• TASK DIRECTIONS: Omit all images, then repeat exactly the lines below from the one containing "玄関を入るとオーナーご夫婦がDIYした、フレッシュ感あふれる内装。" through the one containing "(四)续贷声明网上提交后,经", both ends included.

• DATA:

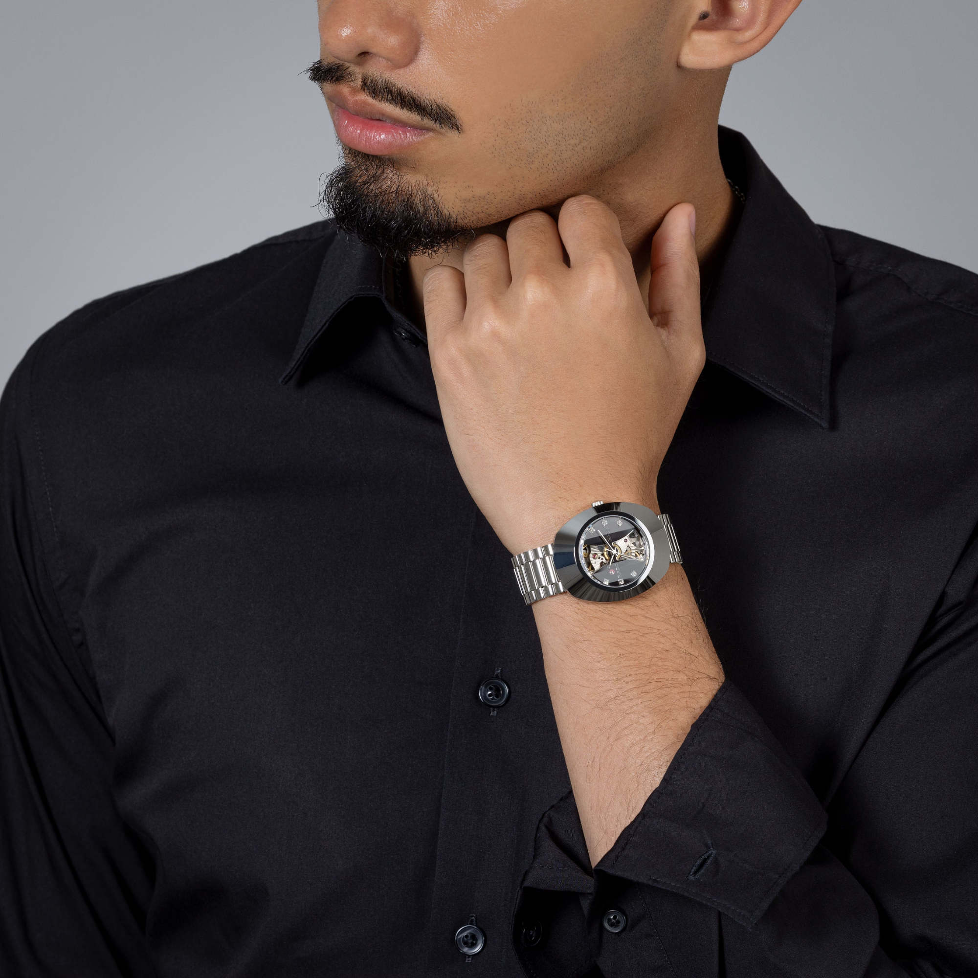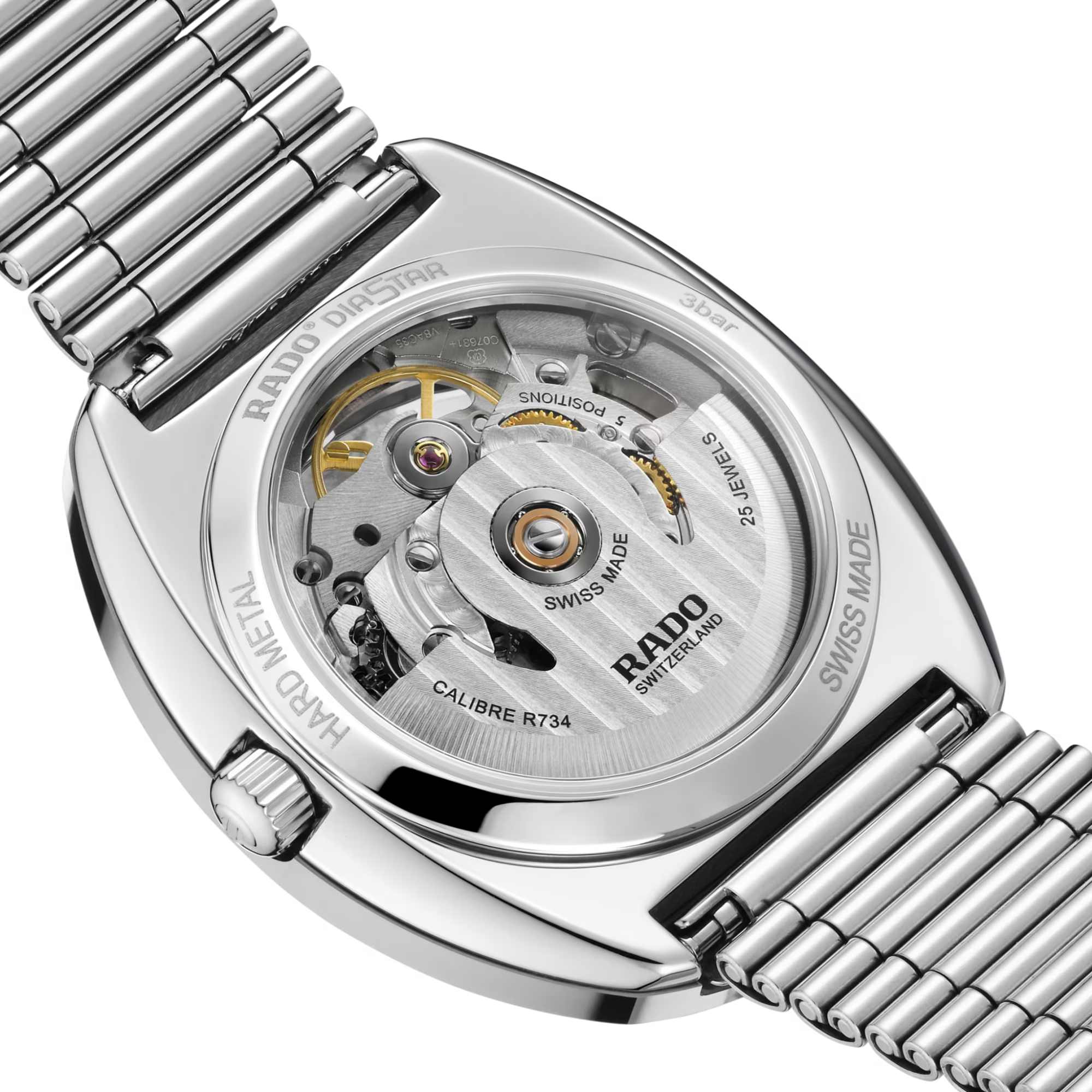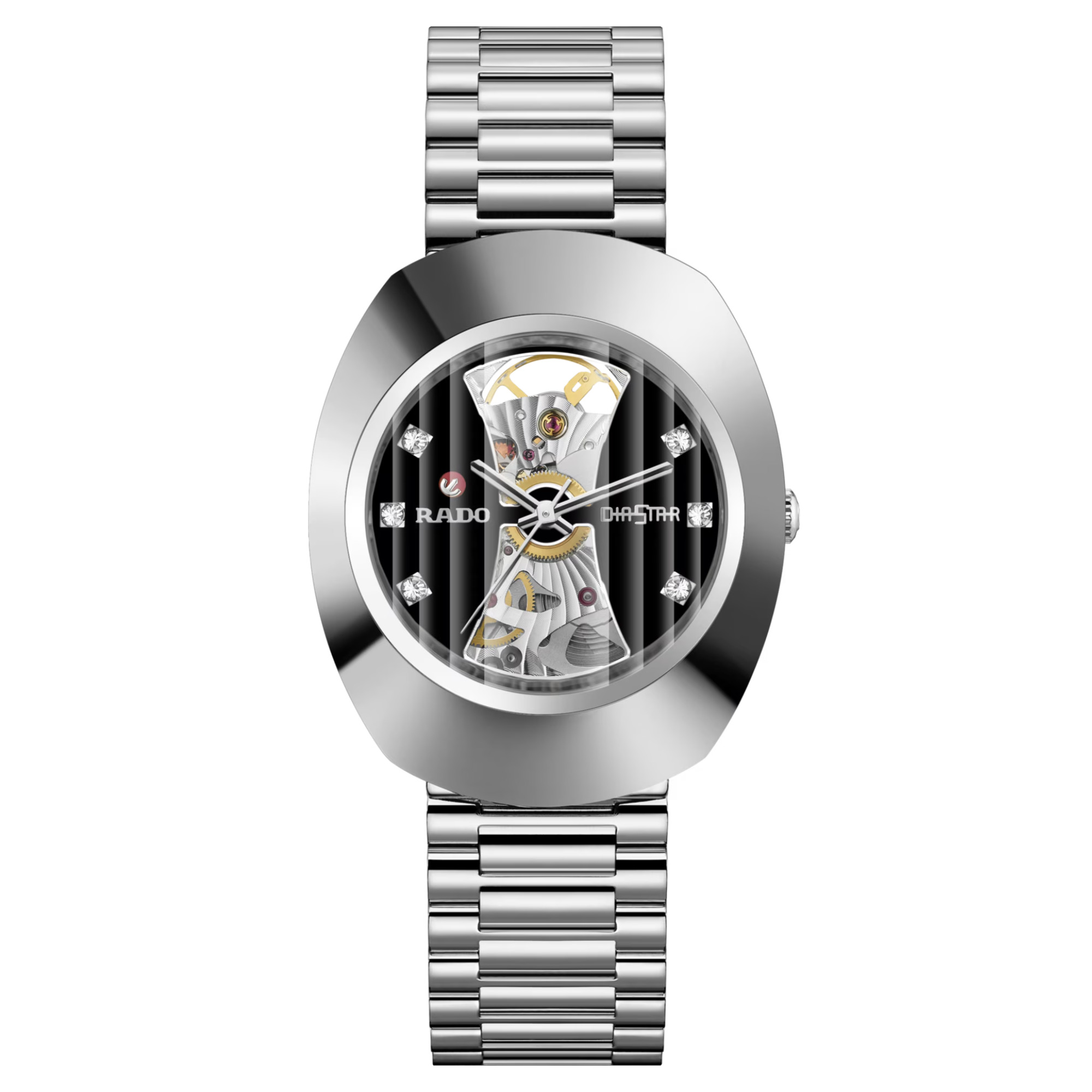 Ref. R12063103 - 1962 revolutionierte Rado mit seiner kratzfesten DiaStar die Welt der Uhrmacherei. Heute verkörpert die Original die auffallende und zeitlose Optik der ersten DiaStar und verfügt über die gleichen Merkmale und Funktionen, die Rado Liebhaber bereits kennen, und den unverwechselbaren Look, den diese lieben. Ihr vertikal facettiertes Saphirglas offenbart ein schwarzes Open-Heart-Zifferblatt mit 6 Zirkoniasteinen. Dabei verleiht das Open-Heart-Design dem Automatikwerk vom Kaliber R764 mit 80 Stunden Gangreserve und guillochiertem Sonnenschliff-Dekor eine etwas leichtere Optik.
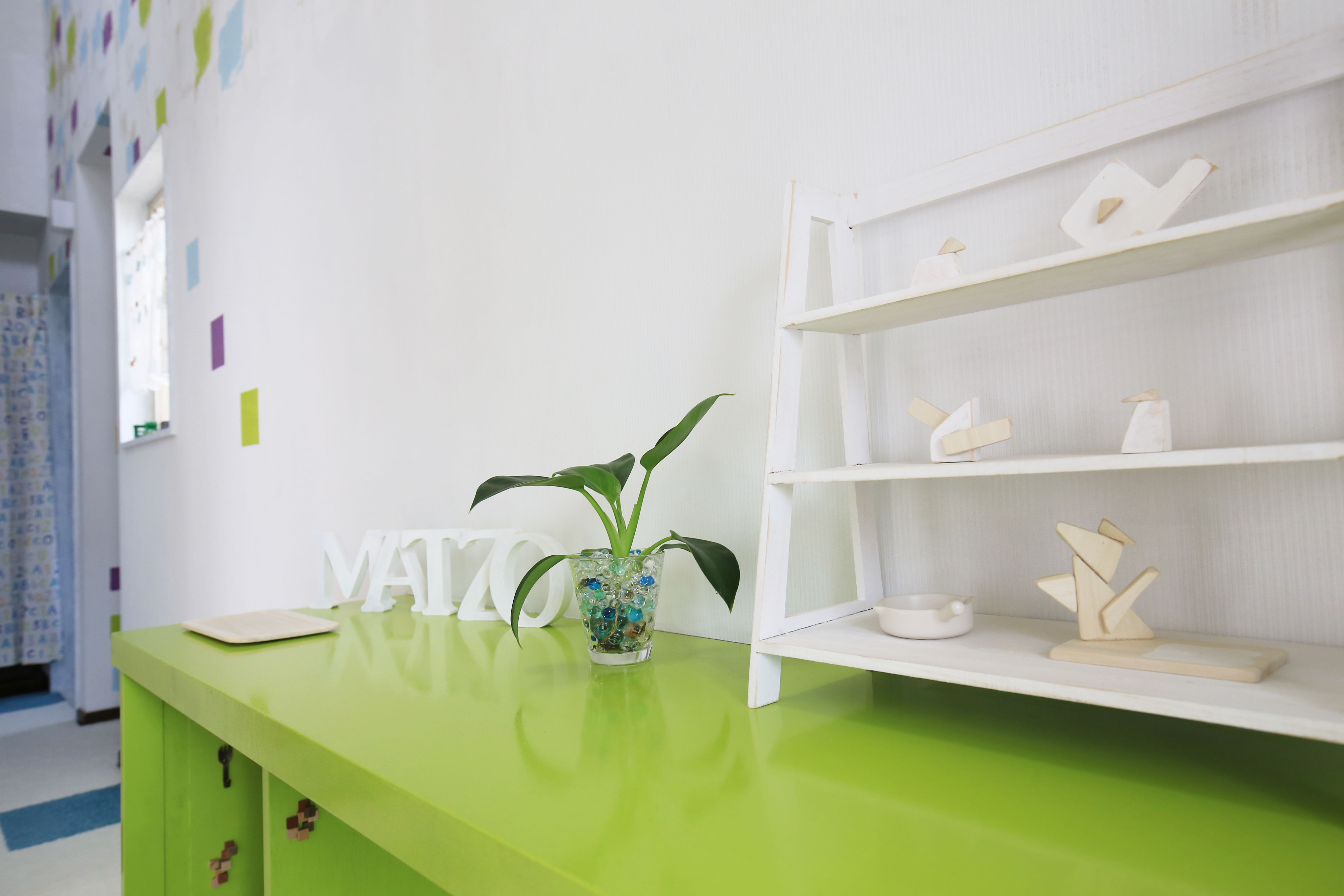玄関を入るとオーナーご夫婦がDIYした、フレッシュ感あふれる内装。
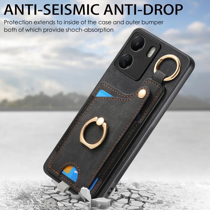 Για Xiaomi 12 Lite Ρετρό δέρμα αίσθηση δαχτυλίδι κάρτα τσάντα υπόθεση τηλεφώνου με Hang Loop (Μαύρο)
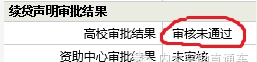 (四)续贷声明网上提交后,经学校审核,如字数不够或者内容不符,未能通过审核,则系统显示审核未通过。学生需要重新填写。重新填写时需要删除现有的申请,重新新增贷款申请。
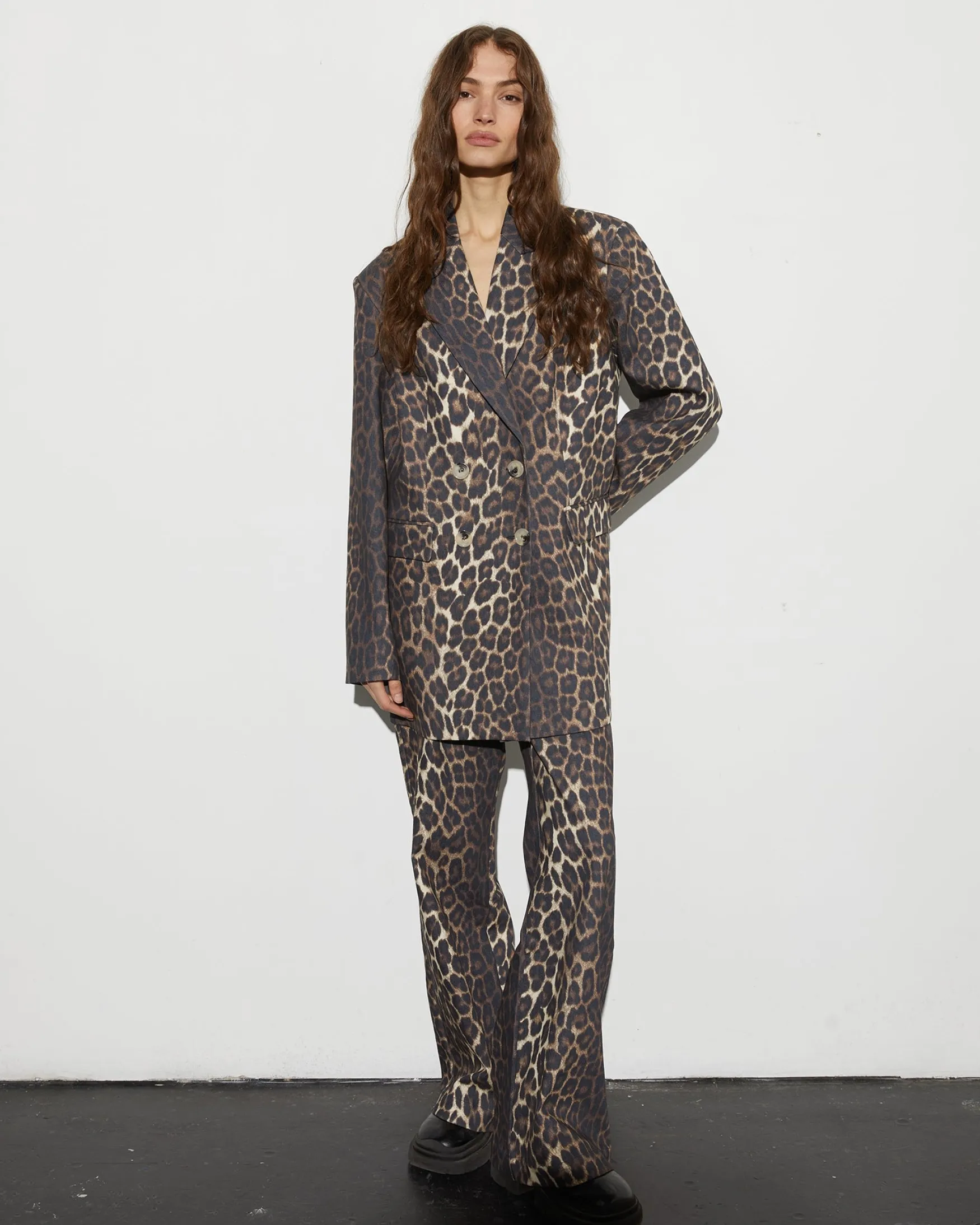 Maak een gedurfde indruk met de Sabrina Broek van Stieglitz. Deze broek, onderdeel van de Sabrina set, heeft een klassieke pantalon pasvorm en een opvallende luipaardprint. Perfect om je outfit een unieke uitstraling te geven. Print dessin plaating is bij elk item uniek.
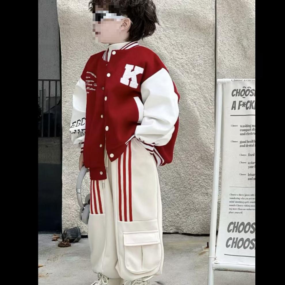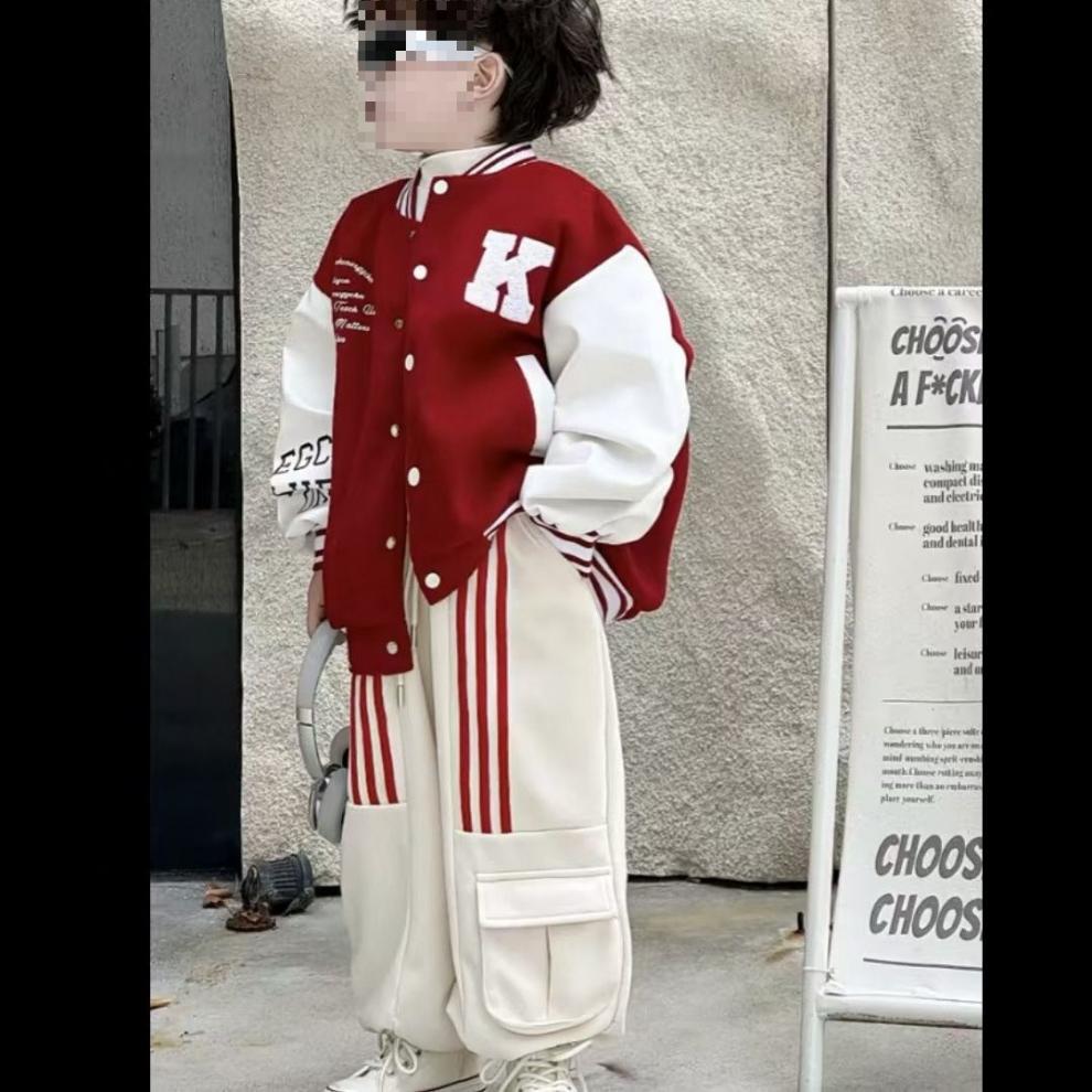 소년 야구 세트 세트 가을 새로운 어린이 한국 컬러 블록 재킷 어린이 느슨한 캐주얼 바지 투피스 세트스토어 가기
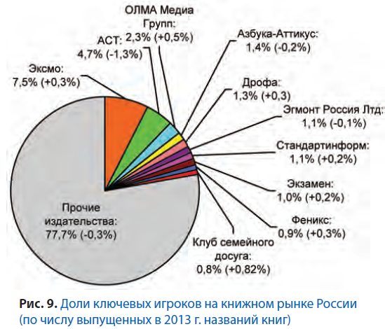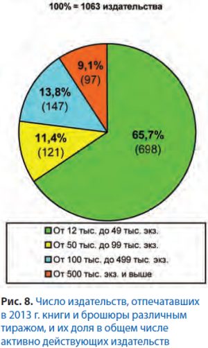 По сравнению с 2012 г. число издающих организаций в России сократилось на 2,7%. При этом число издательств, выпустивших в 2013 г. 12 и более книг и брошюр, сократилось по сравнению с 2012 г. на 2,5%, а число издательств, совокупный тираж которых в 2013 г. превысил 12 тыс. экз., сократилось по сравнению с тем же периодом на 8,8%. При этом в сравнении с 2008 г. число издательств, совокупный тираж которых превысил 12 тыс. экз., сократилось к настоящему времени на 26,2%.

• SOLUTION:
玄関を入るとオーナーご夫婦がDIYした、フレッシュ感あふれる内装。
 Για Xiaomi 12 Lite Ρετρό δέρμα αίσθηση δαχτυλίδι κάρτα τσάντα υπόθεση τηλεφώνου με Hang Loop (Μαύρο)
 (四)续贷声明网上提交后,经学校审核,如字数不够或者内容不符,未能通过审核,则系统显示审核未通过。学生需要重新填写。重新填写时需要删除现有的申请,重新新增贷款申请。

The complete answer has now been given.